§ **Assignment**:
When you transcribe the listing that follows, keep every line exact and skip any picture.

····················

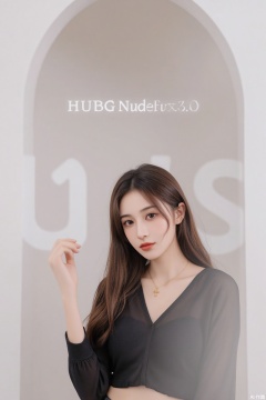 Photograph of an beautiful woman with long, straight, dark brown hair, wearing a sheer black crop top with a cross necklace. She has a dark complexion, full lips, and a neutral expression. The background is a plain white wall with an arch, with large white  text "HUBG NudeFlux" and numbers "3.0" in the background. The image has a soft, dreamy quality with natural lighting.
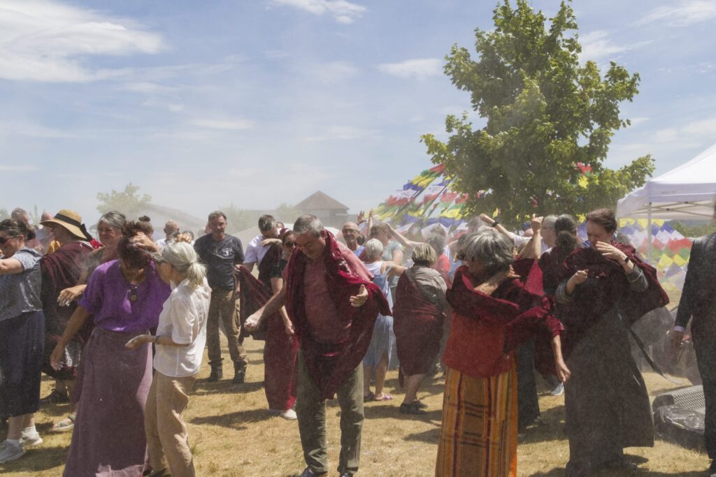 These blessed days brought a wonderful cohesion to the sangha as everyone harmoniously moved between hearing the teachings, practicing in the chö gar, engaging in daily group practice, community life, and the shared responsibilities of maintaining the retreat environment.
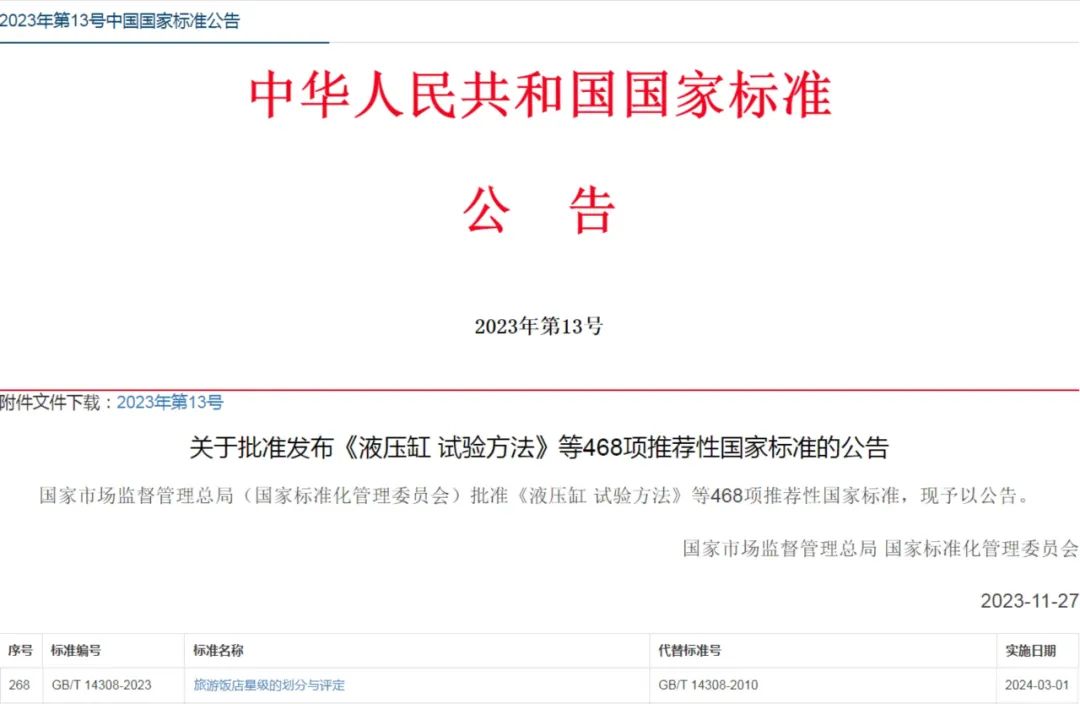 11月27日,国家市场监督管理总局(国家标准化管理委员会)批准发布468项推荐性国家标准,包括由全国旅游标准化技术委员会归口及执行的标准《旅游饭店星级的划分与评定》(GB/T 14308-2023)。此标准为原国家标准GB/T 14308-2010的修订版本。
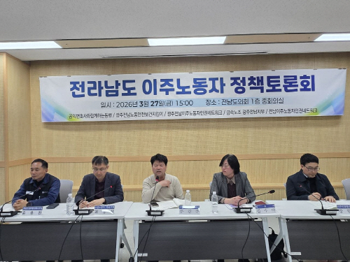 또 “전남도는 임금기준 완화, E-9조선업쿼터 신설, 근무처변경 제한, 고용비율 비자별 별도 산정 등을 추진했다”며 “민간 주도 이주노동자 공급은 브로커가 개입할 여지만 늘리는 결과를 초래한다”고 강조했다.
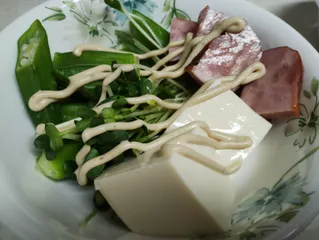 あと一品(世界マヨ芳醇トリュフ味) 塩茹でしたオクラ、カイワレ大根、豆腐、焼豚に世界を味わうマヨ芳醇トリュフ味をかけて頂きました。 昨日は冷蔵庫にあるもので、、。
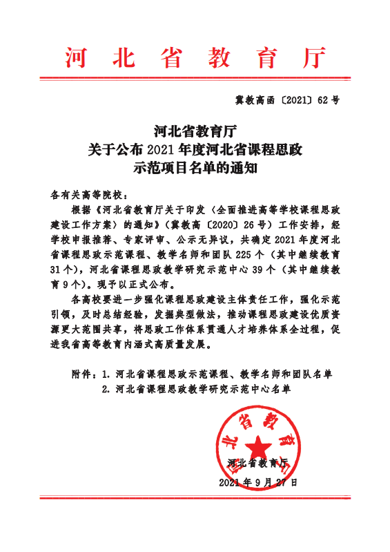 近日,河北省教育厅公布了2021年度河北省课程思政示范项目名单,米乐官网《信号与系统》课程获批2021年度河北省课程思政示范项目,课程的授课团队同时获评课程思政教学名师和教学团队。

····················

§ **Result**:
 Photograph of an beautiful woman with long, straight, dark brown hair, wearing a sheer black crop top with a cross necklace. She has a dark complexion, full lips, and a neutral expression. The background is a plain white wall with an arch, with large white  text "HUBG NudeFlux" and numbers "3.0" in the background. The image has a soft, dreamy quality with natural lighting.
 These blessed days brought a wonderful cohesion to the sangha as everyone harmoniously moved between hearing the teachings, practicing in the chö gar, engaging in daily group practice, community life, and the shared responsibilities of maintaining the retreat environment.
 11月27日,国家市场监督管理总局(国家标准化管理委员会)批准发布468项推荐性国家标准,包括由全国旅游标准化技术委员会归口及执行的标准《旅游饭店星级的划分与评定》(GB/T 14308-2023)。此标准为原国家标准GB/T 14308-2010的修订版本。
 또 “전남도는 임금기준 완화, E-9조선업쿼터 신설, 근무처변경 제한, 고용비율 비자별 별도 산정 등을 추진했다”며 “민간 주도 이주노동자 공급은 브로커가 개입할 여지만 늘리는 결과를 초래한다”고 강조했다.
 あと一品(世界マヨ芳醇トリュフ味) 塩茹でしたオクラ、カイワレ大根、豆腐、焼豚に世界を味わうマヨ芳醇トリュフ味をかけて頂きました。 昨日は冷蔵庫にあるもので、、。
 近日,河北省教育厅公布了2021年度河北省课程思政示范项目名单,米乐官网《信号与系统》课程获批2021年度河北省课程思政示范项目,课程的授课团队同时获评课程思政教学名师和教学团队。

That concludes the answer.